Datasets¶
Overview¶
The datasets are collections of data used for training and evaluating the model. It is crucial to have well-structured datasets to ensure the development process is effective and efficient.
Structure¶
The datasets are organized into the following directories:
raw/
: Contains the raw, unprocessed data.processed/
: Contains the well-structured processed data ready for training.scripts/
: Contains scripts for data processing and augmentation.
Data Sources¶
Classic datasets:
Assassin (Apache Open-Source Dataset, 2005)
CEAS_08 (University of Waterloo, 2008)
Enron (Carnegie Mellon University, 2000 - 2015)
Nazario (José Nazario, 2005 - 2024)
Nigerian (1998 - 2007)
TREC (University of Waterloo, 2007)
Improved datasets:
The improved datasets are enhanced and optimized based on the classic datasets. In fact, they are still subsets of the classic datasets and do not include more recent phishing patterns.
Processing¶
Data processing is completed in two steps. The first step is performed in the datasets directory using scripts, where the raw datasets are cleaned and extracted, and organized into a well-structured, class-balanced format. The second step is carried out in the corresponding dataset’s LightningDataModule
, which handles tokenization, collation, and other operations, ultimately generating a DataLoader
for model training and testing.
Dataset-specific Information¶
WARNING! Corpus may contain viruses, fraudulent solicitations, and other files that may pose a security risk. Do not view any files in the folder with an ordinary browser or email client. Also note that virus or adware removal tools may damage the corpus.
Classic Datasets¶
Kaggle all-in-one solution link.
Assassin (Apache Open-Source Dataset, 2005)¶
This dataset is contributed by the internet community and is one of the earliest spam email datasets, covering a variety of topics.
spam: 500 spam messages, all received from non-spam-trap sources.
easy_ham: 2500 non-spam messages. These are typically quite easy to differentiate from spam, since they frequently do not contain any spammish signatures (like HTML etc).
hard_ham: 250 non-spam messages which are closer in many respects to typical spam: use of HTML, unusual HTML markup, coloured text, “spammish-sounding” phrases etc.
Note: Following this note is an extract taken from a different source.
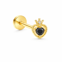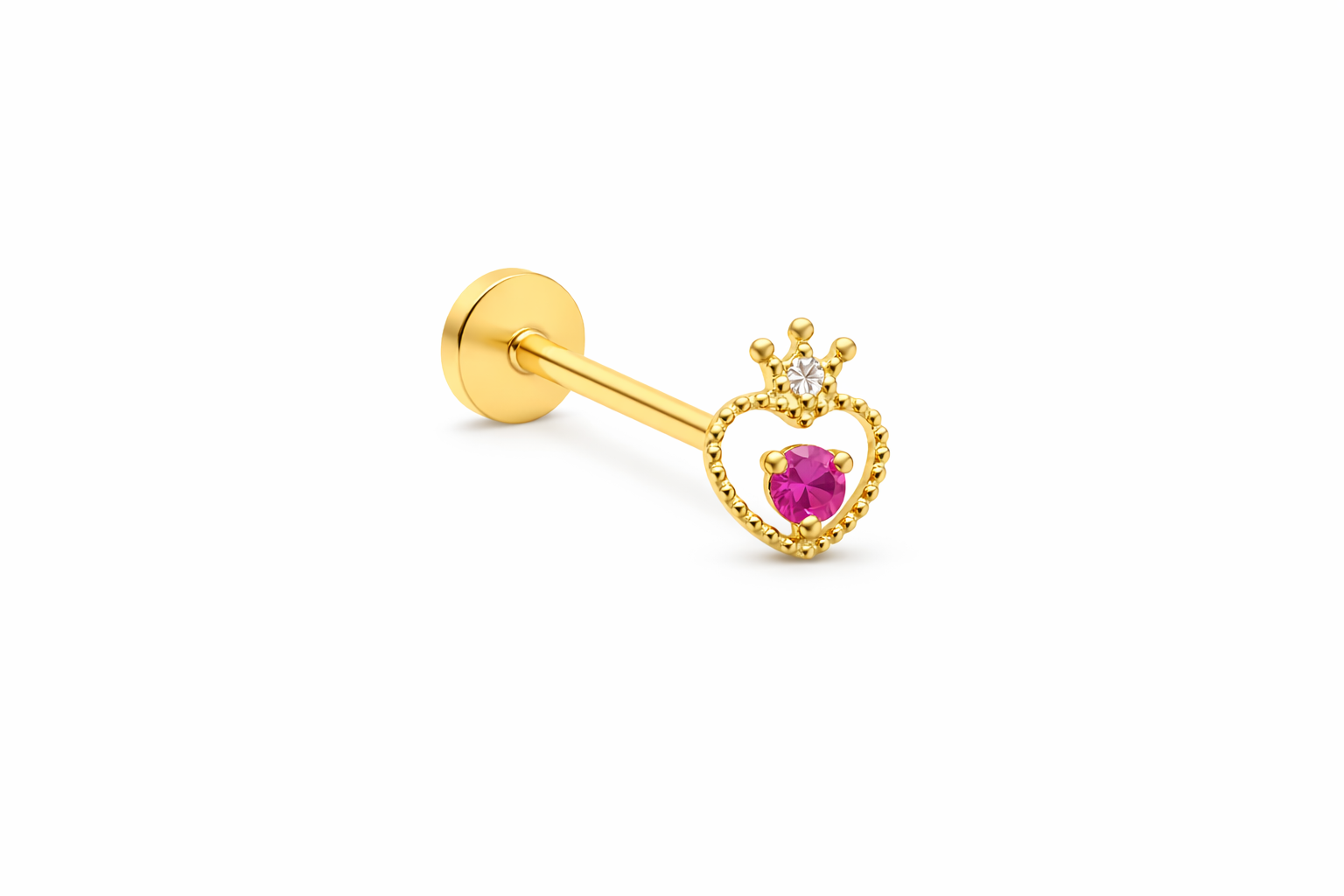 Heart with a Rubi CZ in the Middle with a Crown and a White CZ in the Middle 14K Cartilage Piercing

easy_ham_2: 1400 non-spam messages. A more recent addition to the set.
spam_2: 1397 spam messages. Again, more recent.
Total count: 6047 messages, with about a 31% spam ratio.
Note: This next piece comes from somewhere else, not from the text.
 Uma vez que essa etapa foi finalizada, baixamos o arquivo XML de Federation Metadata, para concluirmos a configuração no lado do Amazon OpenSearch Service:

CEAS_08 (University of Waterloo, 2008)¶
This dataset comes from the CEAS 2008 email detection challenge. All emails during the competition were collected in real time and cover a wide range of topics. The structure of the original dataset is relatively complex. You can use the existing CEAS_08 dataset available on Kaggle, such as link. 39154 samples in total, 17312 (44.2%) benign, 21842 (55.8%) spam.
Enron (Carnegie Mellon University, 2000 - 2015)¶
This dataset is a collection of emails from the Enron Corporation, which was involved in a major corporate scandal. Kaggle version can be found at link. 517401 samples in total.
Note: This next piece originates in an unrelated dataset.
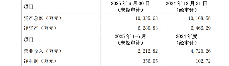 2024年,湖北永怡的营业收入为4720.26万元,净利润为-102.72万元;未经审计的数据显示,今年上半年,该公司录得营业收入2212.82万元,净利润持续亏损,为-356.05万元,同时,湖北永怡的净资产由2024年年末的6466.29万元降至6280.83万元。

Nazario (José Nazario, 2005 - 2024)¶
This dataset is a collection of phishing emails curated by José Nazario over nearly two decades. Its most notable feature is that it is entirely constructed from phishing emails received in his personal inbox.
Nigerian (1998 - 2007)¶
These “Nigerian” datasets typically focus on “Nigerian fraud emails,” that is, phishing and scam emails, rather than the more common advertising or junk mail types found in spam/ham classification.